### The task
Among the entries below, the lines from the one with "These facilities are" up to and including the one with "- Features: This" are to be restated exactly, without pictures.

### Extracted information
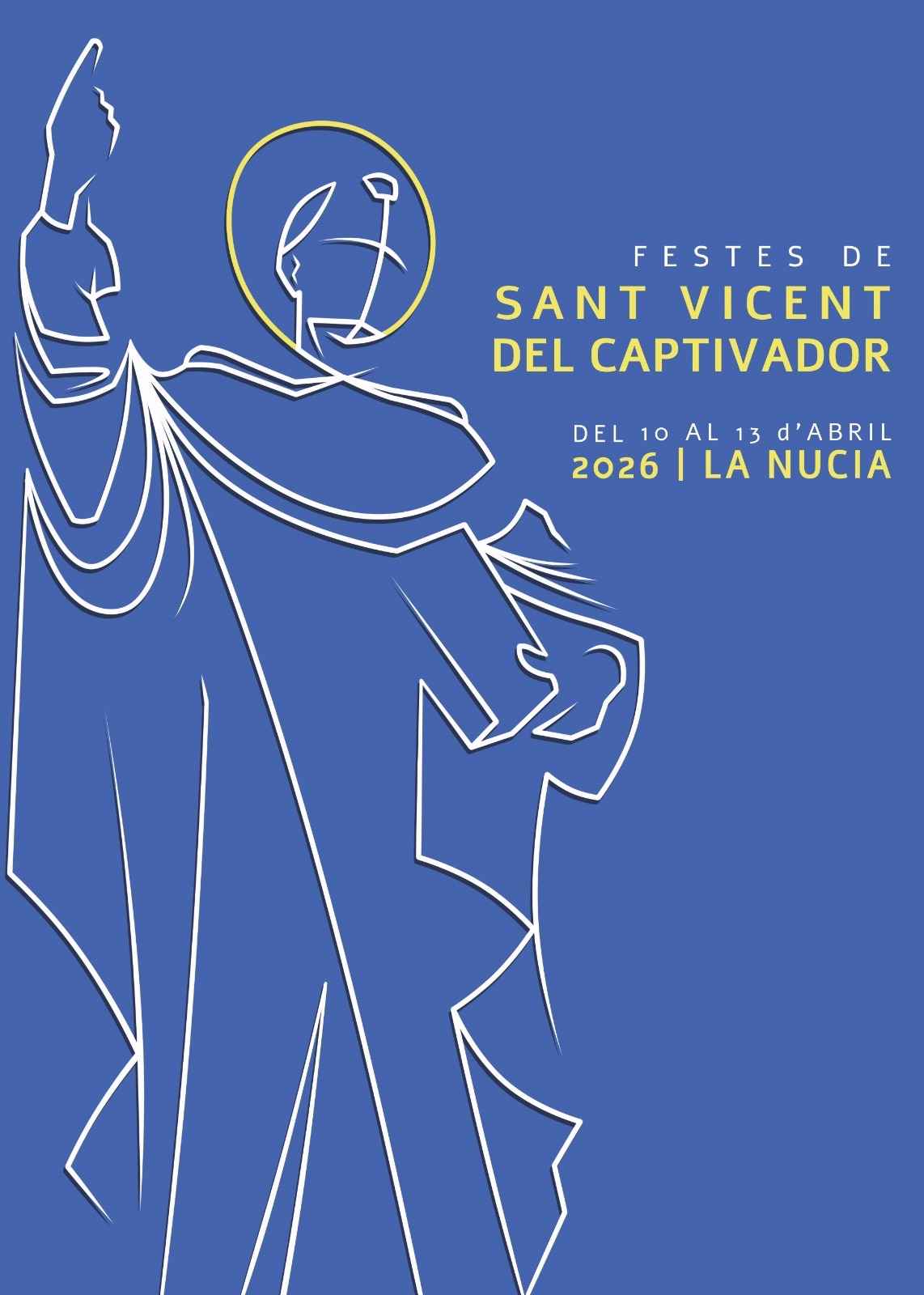 La Nucía ha presentat ja el cartell guanyador, una proposta visual elegant i contemporània que reinterpreta la tradició des d’una òptica minimalista. “Timete Deum”, obra de l’artista alcoià Pablo Sempere, destaca per un fons blau sobre el qual es dibuixa una il·lustració lineal de Sant Vicent, amb traços clars i definits. La composició incorpora elements simbòlics com l’aurèola i el gest de la mà, mentre que la tipografia en tons grocs aporta contrast i claredat al conjunt.
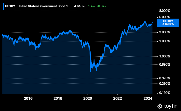 Joukkovelkakirjojen korot ovat nousseet Euroopassa, mutta erityisesti Yhdysvalloissa. USA:n 10-vuoden velkakirjan korko oli vielä vuoden 2020 alussa alle prosentissa, mutta on nyt noussut 4,6 prosenttiin.
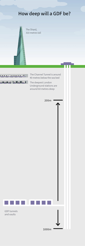These facilities are designed to dispose of radioactive waste in highly engineered vaults and tunnels. They are housed within suitable geology potentially three times deeper than the UK’s tallest building, the Shard in London.
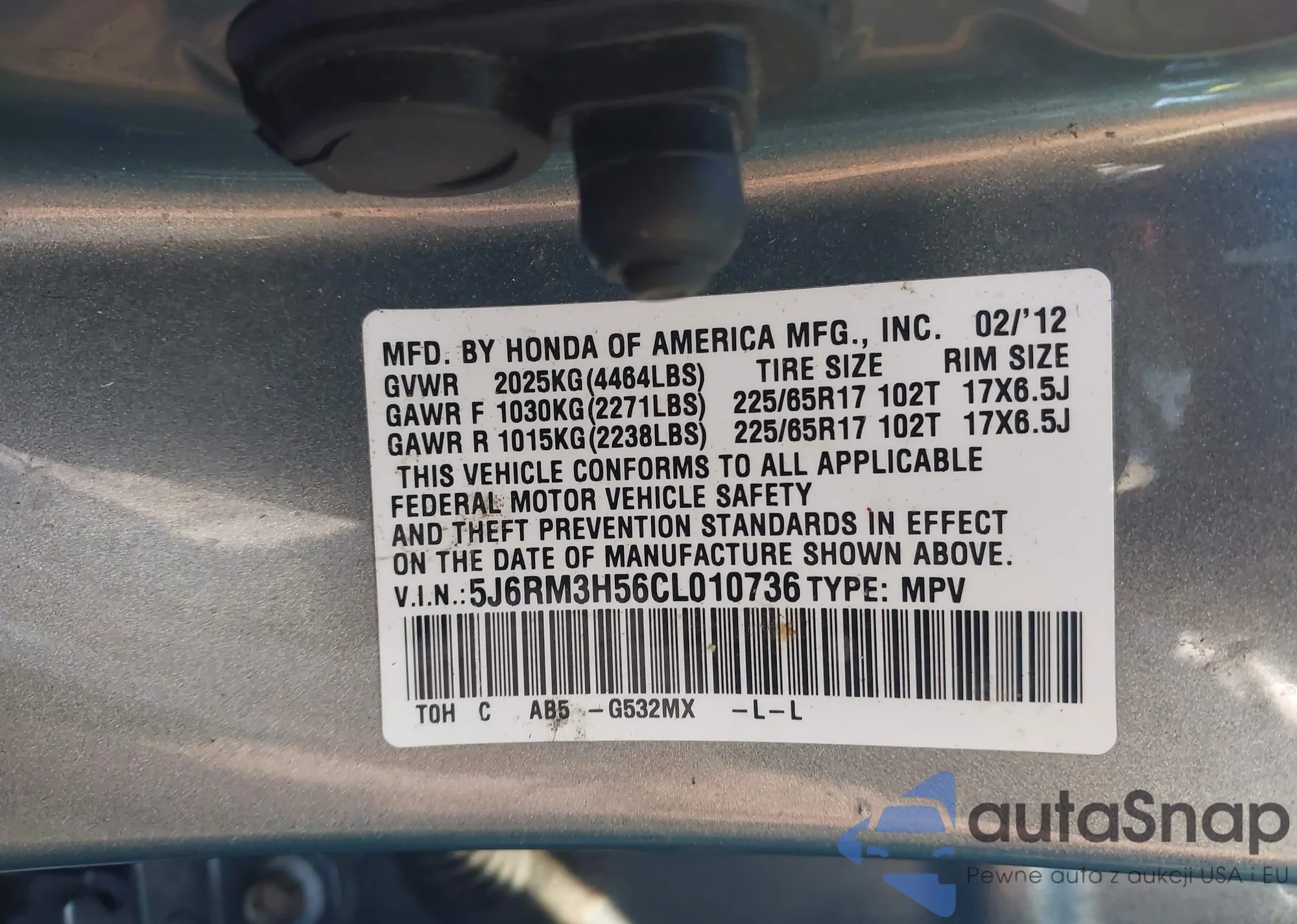 VIN: 5J6RM3H56CL010736
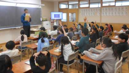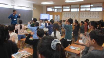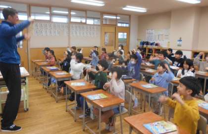 What's this ? の学習では、ジェスチャーを交えて発音したり、クイズを通して物の名前を答えたりして、英語に慣れ親しみました。
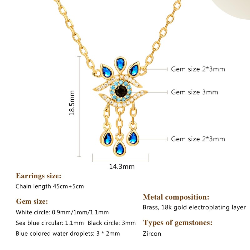 - Features: This necklace features an evil eye design and is adorned with cubic zirconia; The zirconia comes in a variety of colors, creating a layered look that is very unique and exquisite, highlighting your personality
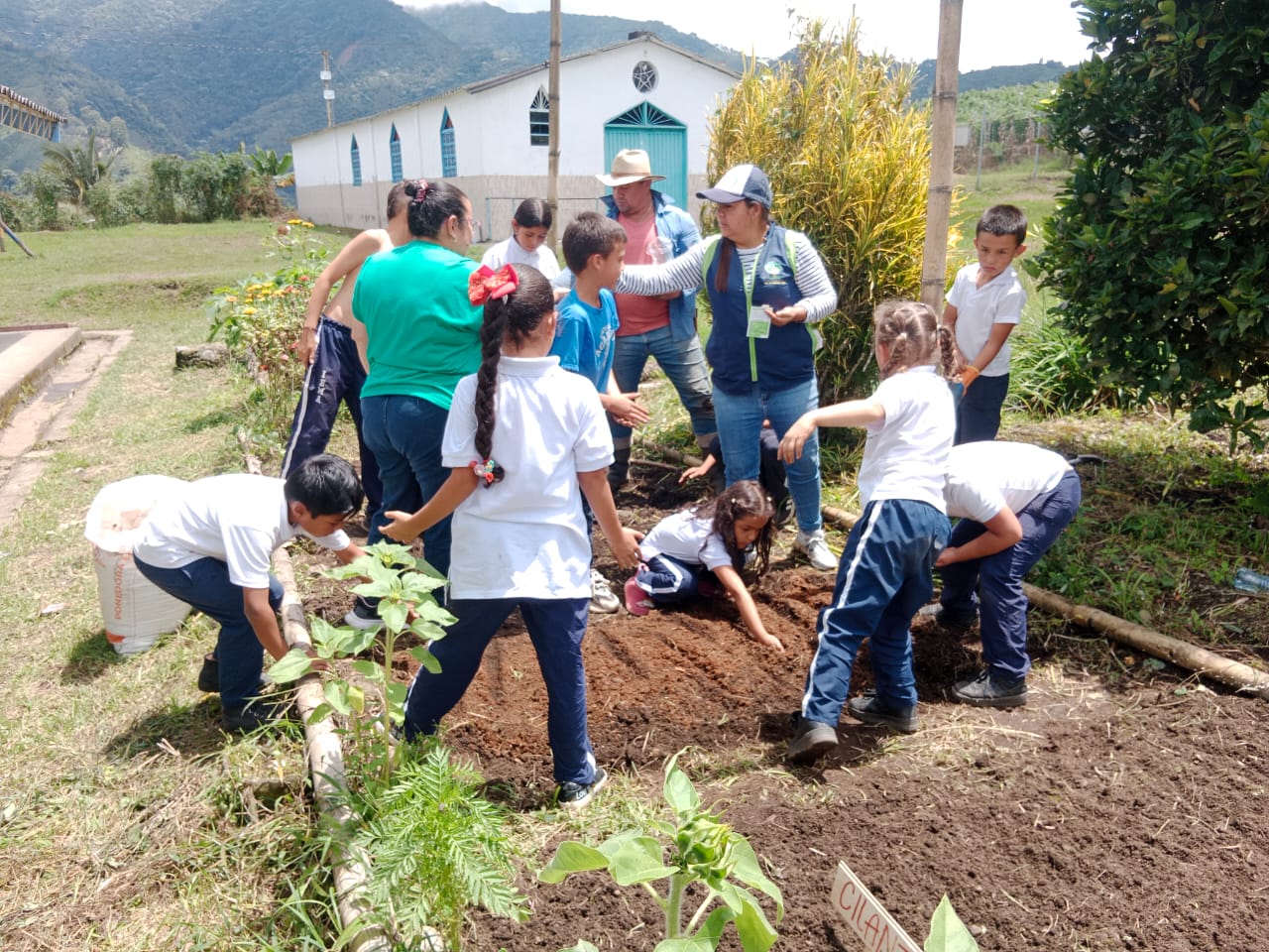En février, une équipe de sept bénévoles – enseignants français résidant en Colombie-, menée par Anaïs et Olivia, s’est rendue sur place pour célébrer les trente ans de l’association à travers l’organisation d’ateliers de découverte : macramé, fabrication de carnets, initiation au rugby pour les plus jeunes…. Leur venue a été accueillie avec enthousiasme par les enfants, leurs familles et leurs enseignantes. Les enfants ont expliqué les techniques de culture apprises au cours des ateliers organisés par Corpocam et présenté leurs récoltes, tandis que les enseignantes ont décrit le travail pédagogique mis en place autour des potagers.

### Result for this task
These facilities are designed to dispose of radioactive waste in highly engineered vaults and tunnels. They are housed within suitable geology potentially three times deeper than the UK’s tallest building, the Shard in London.
 VIN: 5J6RM3H56CL010736
 What's this ? の学習では、ジェスチャーを交えて発音したり、クイズを通して物の名前を答えたりして、英語に慣れ親しみました。
 - Features: This necklace features an evil eye design and is adorned with cubic zirconia; The zirconia comes in a variety of colors, creating a layered look that is very unique and exquisite, highlighting your personality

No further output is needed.